--- THE DATA ---

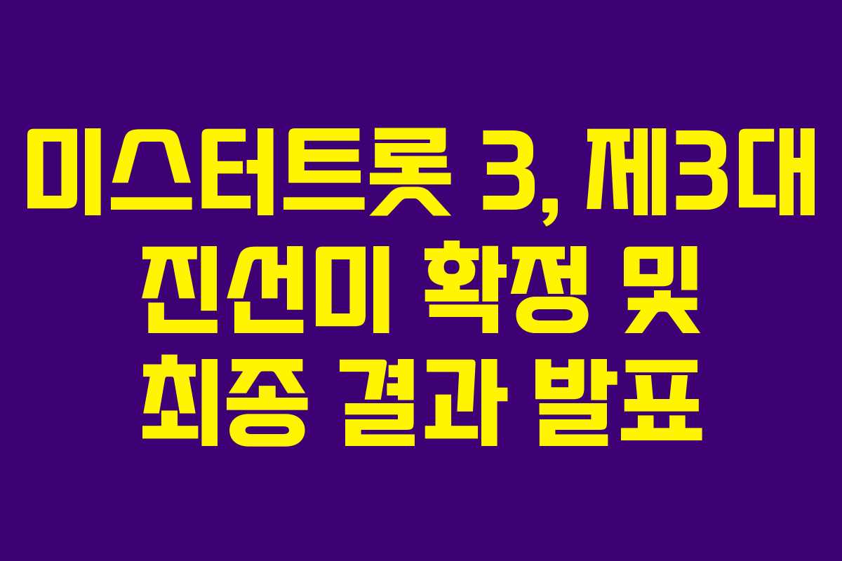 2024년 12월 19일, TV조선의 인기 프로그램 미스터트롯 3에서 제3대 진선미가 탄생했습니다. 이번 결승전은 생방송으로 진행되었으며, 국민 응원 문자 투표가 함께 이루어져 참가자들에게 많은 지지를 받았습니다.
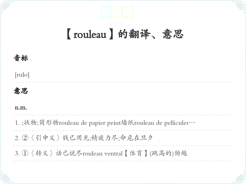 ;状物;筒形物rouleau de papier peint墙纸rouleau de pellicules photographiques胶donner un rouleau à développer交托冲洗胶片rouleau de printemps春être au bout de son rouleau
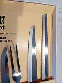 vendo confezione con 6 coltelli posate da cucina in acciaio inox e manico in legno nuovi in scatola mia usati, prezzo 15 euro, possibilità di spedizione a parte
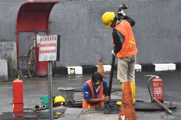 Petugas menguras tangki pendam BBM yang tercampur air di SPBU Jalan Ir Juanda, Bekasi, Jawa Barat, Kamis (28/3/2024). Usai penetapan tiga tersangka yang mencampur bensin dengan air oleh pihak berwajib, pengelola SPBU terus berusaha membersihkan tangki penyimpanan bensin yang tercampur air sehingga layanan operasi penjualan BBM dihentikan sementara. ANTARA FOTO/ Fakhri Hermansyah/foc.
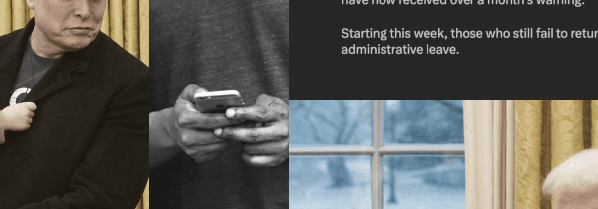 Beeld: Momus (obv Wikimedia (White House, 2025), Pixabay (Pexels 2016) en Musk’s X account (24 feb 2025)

---

Print the listing exactly. No pictures belong in the copy.

 2024년 12월 19일, TV조선의 인기 프로그램 미스터트롯 3에서 제3대 진선미가 탄생했습니다. 이번 결승전은 생방송으로 진행되었으며, 국민 응원 문자 투표가 함께 이루어져 참가자들에게 많은 지지를 받았습니다.
 ;状物;筒形物rouleau de papier peint墙纸rouleau de pellicules photographiques胶donner un rouleau à développer交托冲洗胶片rouleau de printemps春être au bout de son rouleau
 vendo confezione con 6 coltelli posate da cucina in acciaio inox e manico in legno nuovi in scatola mia usati, prezzo 15 euro, possibilità di spedizione a parte
 Petugas menguras tangki pendam BBM yang tercampur air di SPBU Jalan Ir Juanda, Bekasi, Jawa Barat, Kamis (28/3/2024). Usai penetapan tiga tersangka yang mencampur bensin dengan air oleh pihak berwajib, pengelola SPBU terus berusaha membersihkan tangki penyimpanan bensin yang tercampur air sehingga layanan operasi penjualan BBM dihentikan sementara. ANTARA FOTO/ Fakhri Hermansyah/foc.
 Beeld: Momus (obv Wikimedia (White House, 2025), Pixabay (Pexels 2016) en Musk’s X account (24 feb 2025)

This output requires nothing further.